Additional experiment: We have conducted an additional fidelity check experiment under the same setting as Section 5.1, where we assess the correlation between LOO influence scores computed from validation loss and the ground-truth LOO score for classification accuracy. In this figure, we observe strong positive correlations (Spearman correlation of 0.763 and 0.735) between our computed influence scores and ground-truth LOO accuracy changes in both (a) single-epoch removal and (b) all-epochs removal settings. Looking at the scatter plots, we can observe a key advantage of using loss over accuracy: while multiple data points often share the same LOO accuracy scores due to the discrete nature of accuracy metrics, our loss-based influence scores provide more fine-grained distinctions between these points. Despite this discretization effect in the ground-truth accuracy measurements, the strong correlation coefficients and clear monotonic trend in both settings demonstrate that our loss-based influence scores effectively capture changes in model performance measured by accuracy.

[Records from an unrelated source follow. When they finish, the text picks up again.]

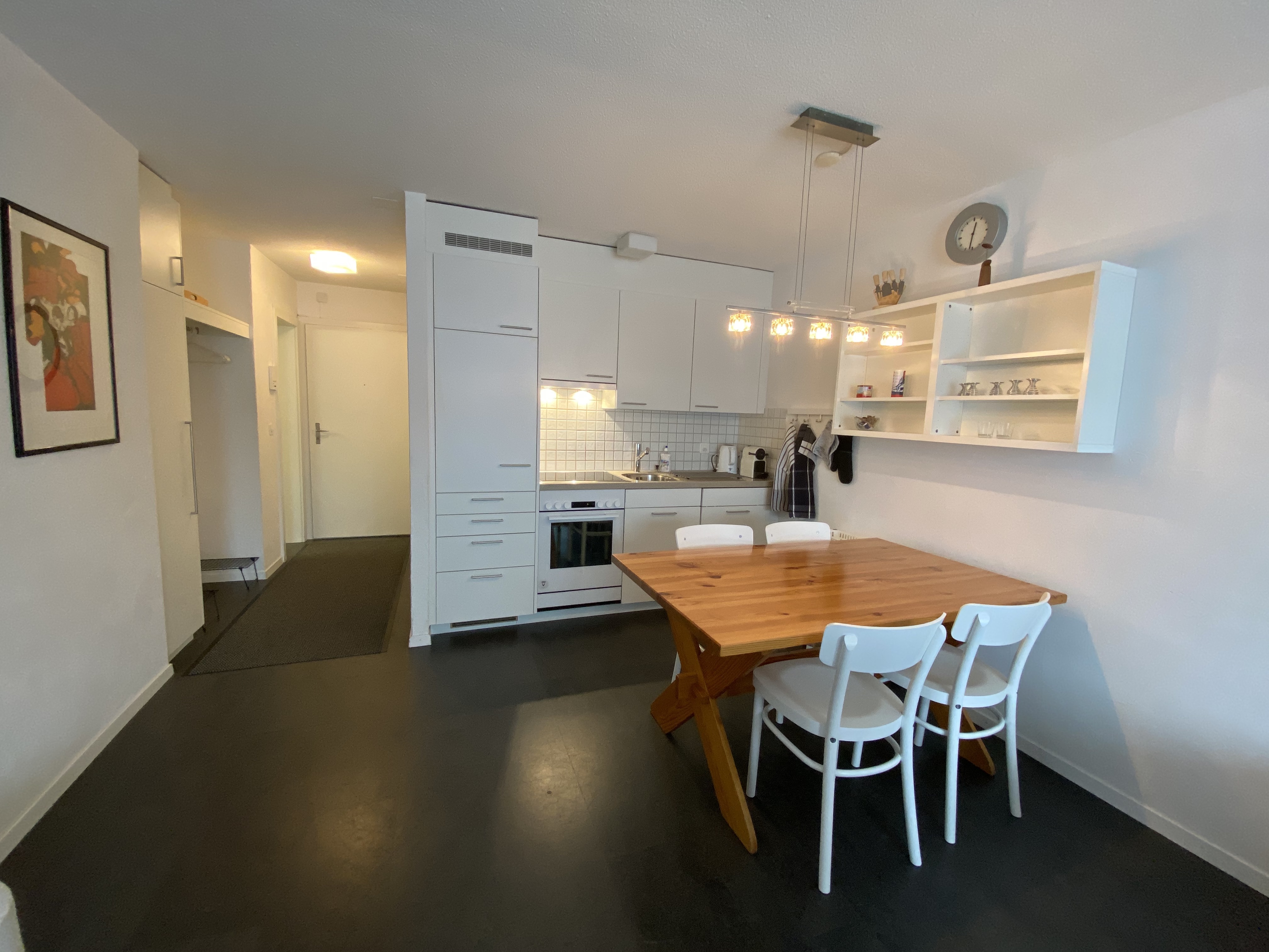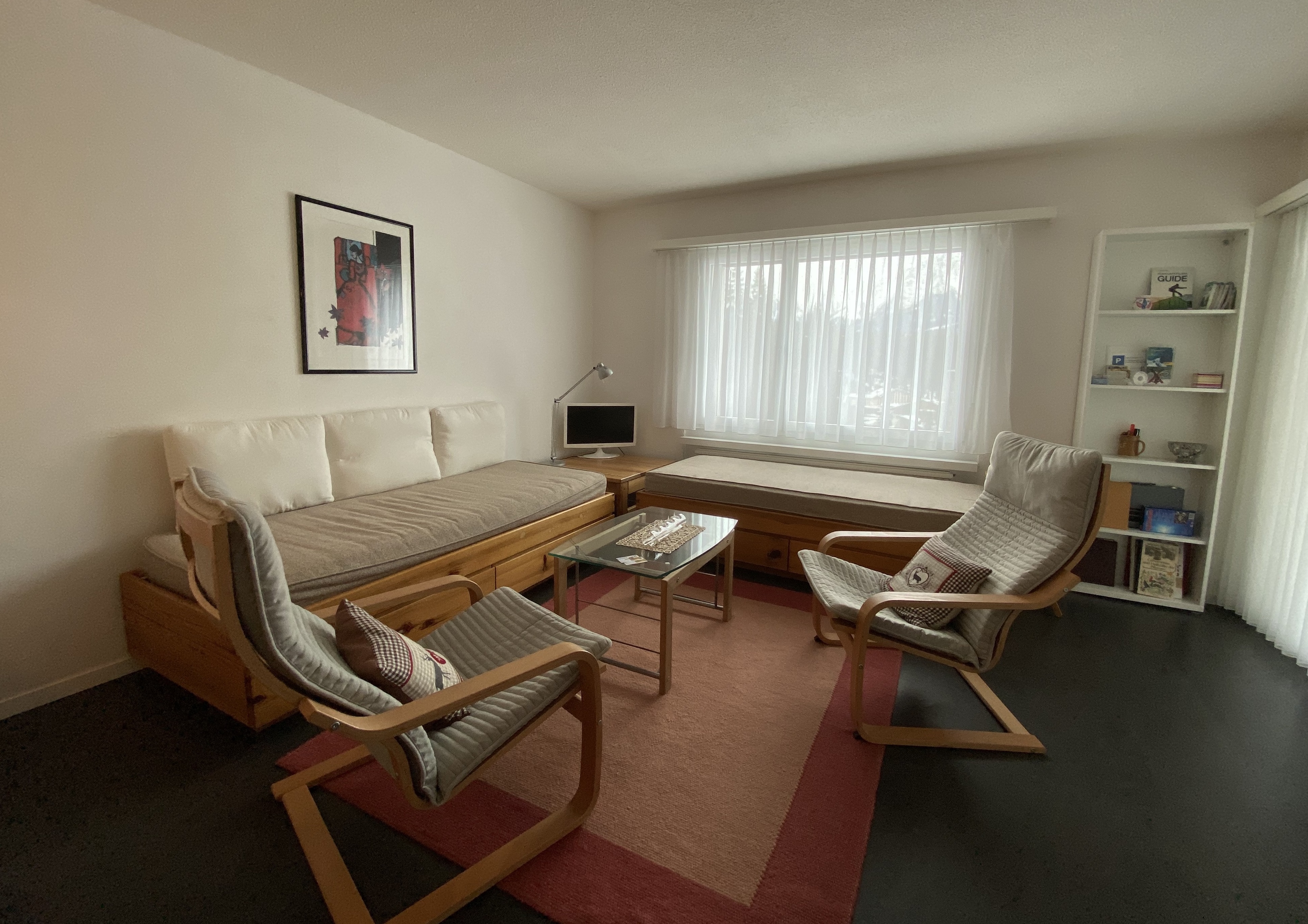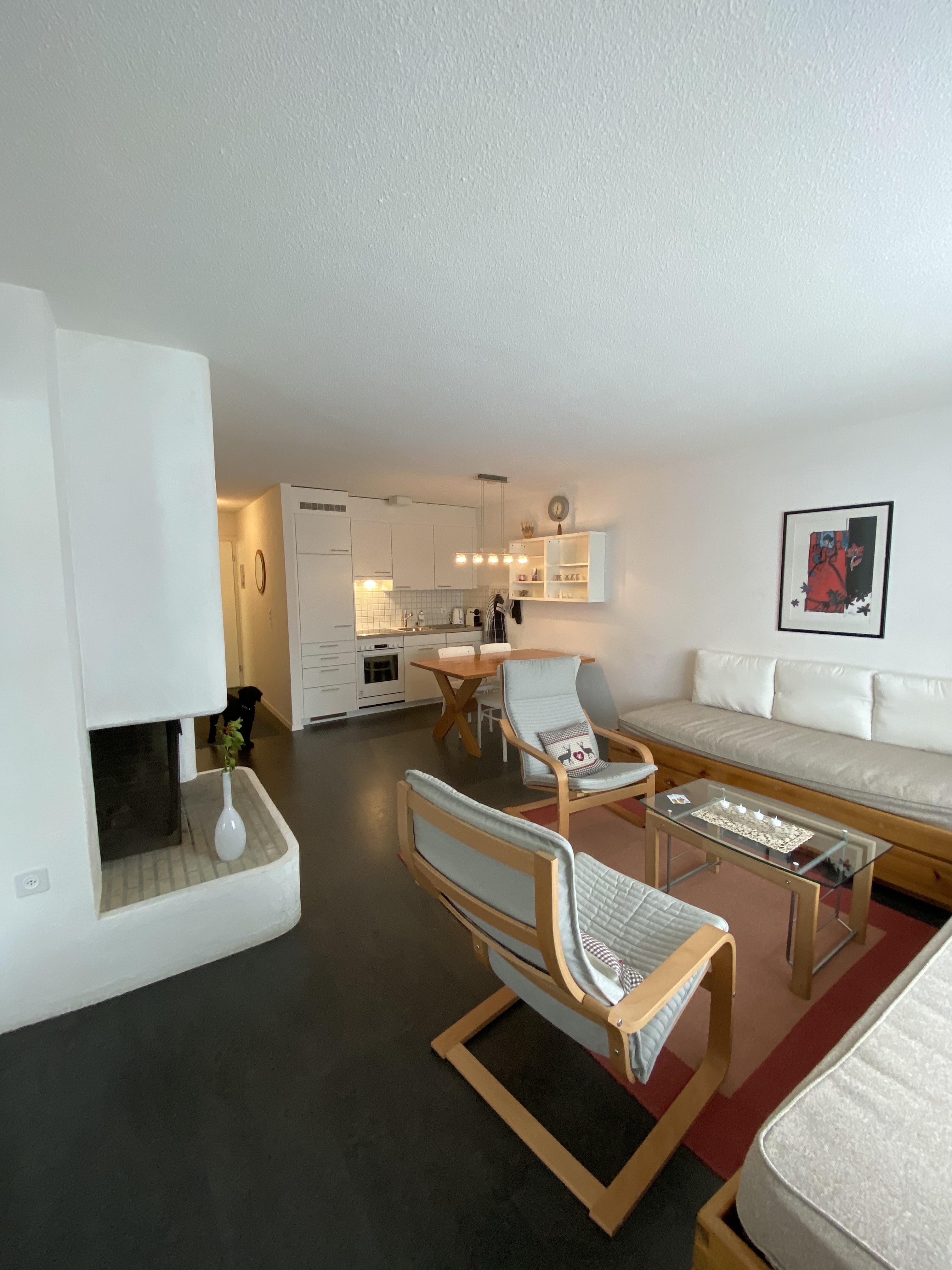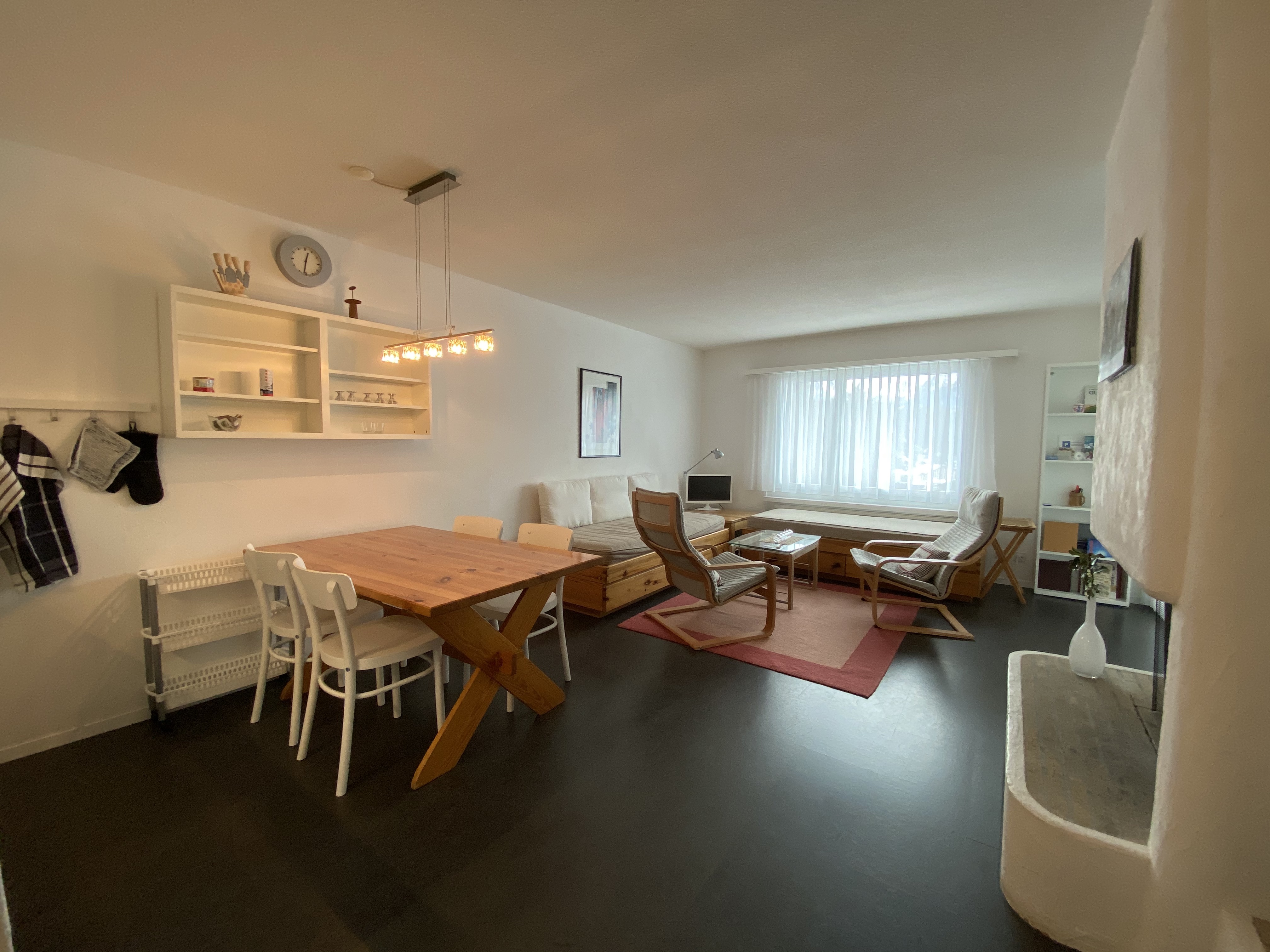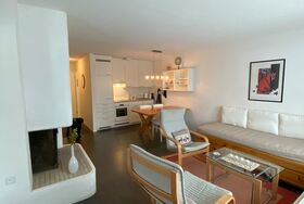 2.5 Zimmerwohnung, 49 qm, (4 Betten) in einem Mehrfamilienhaus in der Nähe der Bergbahnen. Nett und zweckmässig eingerichtet. Offene Küche mit Elektroherd, Backofen, Dampfabzug, Kühlschrank mit Gefrierfach und Geschirrspüler. Wohnzimmer mit 2 Bettenl, Klubtisch, TV, Internet, Esstisch mit 4 Stühlen und Cheminée. Schlafzimmer mit 1 Doppelbett und Einbauschrank. Badezimmer mit Doppellavabo, Badewanne und Toilette. Balkon nach Süden. Hallenbad mit direktem Zugang durch Einstellhalle. Sauna im Haus, kleine Gebühr (Münzautomat). Die Bettwäsche, Frottee und die Endreinigung sind im Endpreis inbegriffen.
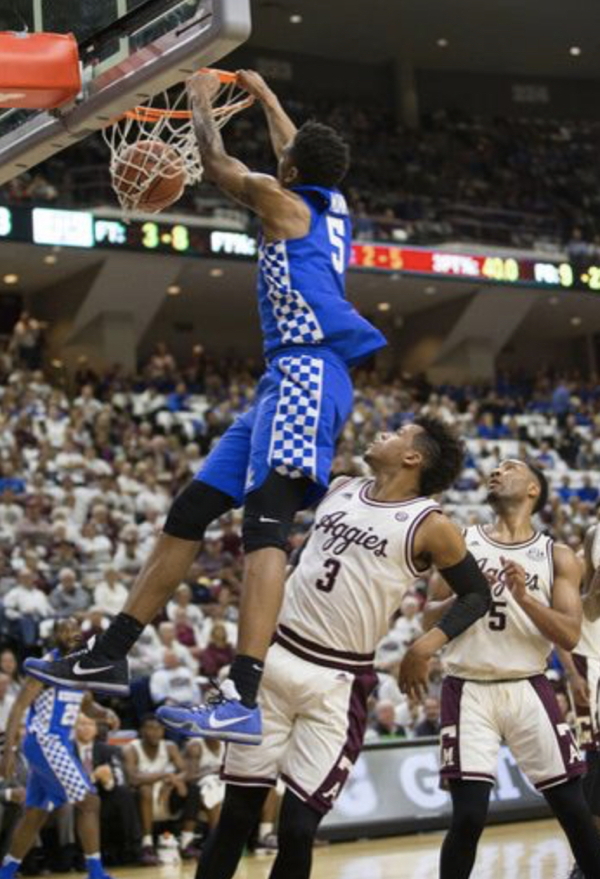 Malik Monk (#5) completes an alley oop over Texas A&M's Admon Gilder (#3)
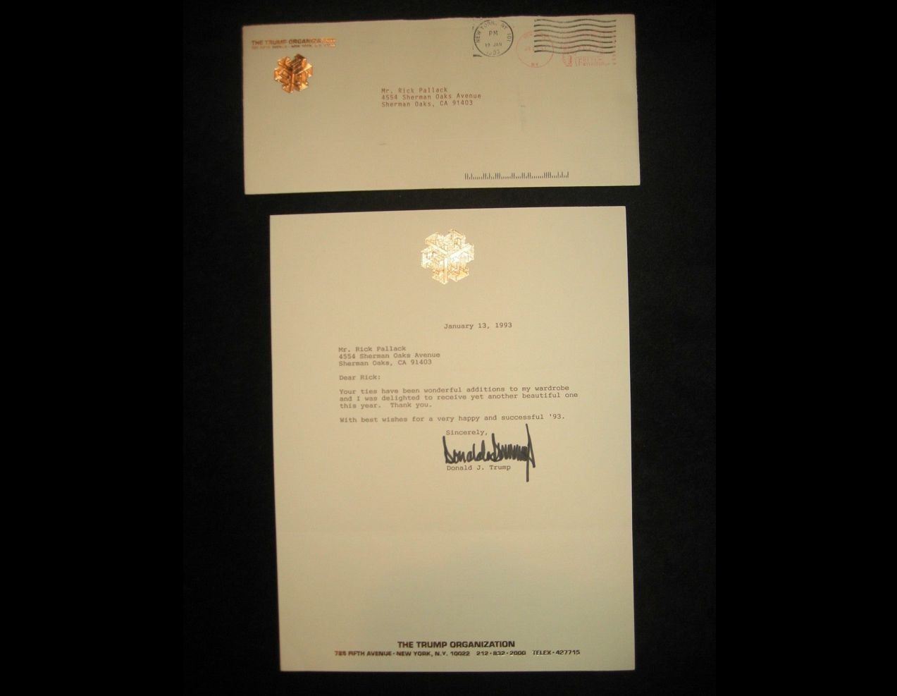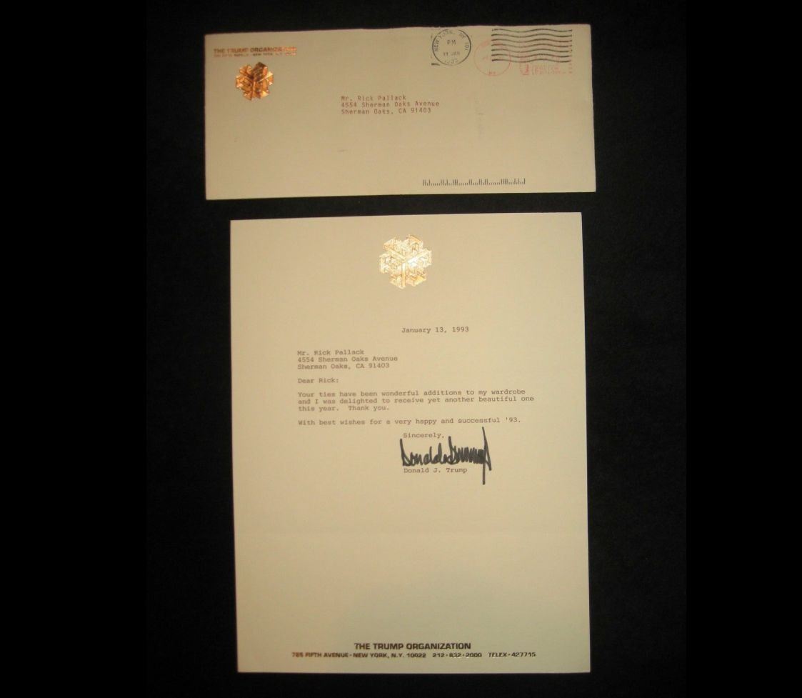 PRESIDENT DONALD TRUMP ORIGINAL RARE SIGNED AUTOGRAPHED LETTER AND ENVELOPE TO FAMOUS LOS

Thanks for your clarification on the differences between the traditional LOOCV and the proposed LOO influence. This helps to avoid similar confusion for readers.
Given the thoughtful responses given by the authors, I improved my score from 6 to 8. I think this is a solid paper overall.
Dear Reviewer tZN9,
Thank you again for your positive assessment and valuable feedback on our work. Regarding your questions about Data Value Embedding's outlier detection capabilities, we have conducted additional analyses to provide a more comprehensive response. In addition to our quantitative experiments on mislabeled data detection and data selection (Appendix E.2.1), we have also examined real-world examples from the Pile dataset that receive the most negative influence scores from Data Value Embedding (Appendix E.5). These examples demonstrate our method's ability to detect subtle forms of problematic data. For instance, we identified code snippets containing mainly variable declarations or configuration settings that, while syntactically valid, provide minimal learning value and potentially introduce noise. We also found examples of text with poor formatting (missing punctuation and paragraph breaks) and mathematical problems with repetitive structures (frequently beginning with "What is...") that could bias the model's generation patterns.
These findings demonstrate that our method can identify not just mislabeled data, but also more diverse cases that could subtly degrade model performance. This complements our quantitative evaluation in Appendix E.2.1 and provides concrete evidence of how our method handles outliers in real-world, large-scale training settings. We believe these examples provide valuable insights into the types of training data that might impede model learning.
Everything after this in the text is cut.